The troubled budget picture in all but about a dozen energy and farm states is driven largely by reduced revenues, Eckl said. "No single tax is the culprit." Consumer purchases are expected to continue to decline in many states, so the situation is expected to worsen.
Rising energy costs and the housing slump and mortgage crisis also make states nervous that their budgets will bleed red ink. States are saying "we're holding our breath," looking at 2010 and beyond, Eckl said.
The report does not include information for several key states. California, Illinois, Michigan and North Carolina had not completed their budgets by the time the report was written. Arizona, Massachusetts and Ohio also did not have final figures. These missing states represent one-third of the total budget dollars.
California’s projected $15.2 billion deficit is among the biggest. The state is without a 2009 budget even though its fiscal year began July 1.
States largely avoided raising taxes, according to NCSL, and instead:
Cut spending: 10 states made across-the-board reductions; 12 targeted higher education; 11 cut elementary-secondary education; and 10 cut Medicaid.
Trimmed state payrolls: Florida, Maine, Tennessee and Vermont laid off state employees, and nine states imposed hiring freezes.
Tapped reserves: 14 states tapped rainy-day or other reserve funds.
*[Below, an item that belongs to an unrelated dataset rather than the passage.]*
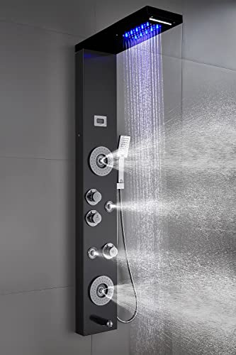 Luxury shower panel has built-in LED temperature display, LED overhead rainfall showerhead, adjustable high-powered body massage jets, tub spout, and high-efficiency multi-function handheld shower wand

Nevada used $267 million, virtually eliminating its rainy-day fund; Minnesota used $500 million, nearly half its balance; and Massachusetts used $310 million.
Used tobacco funds: Oklahoma borrowed $100 million in excess tobacco tax funds, and Vermont used proceeds from its legal settlement with tobacco companies to help cover Medicaid costs.
Expanded gambling: Delaware allowed tracks to operate 24 hours a day, while Rhode Island is letting casinos stay open 24 hours three days a week.
Unlike the federal government, states cannot run deficits, forcing them to find the money or cut spending to balance their budgets.
There is one bright spot. While tourism may be down for some states because Americans are traveling less, states that are a draw for international tourism, such as Florida and Vermont, are benefiting from foreign visitors taking advantage of the weak U.S. dollar.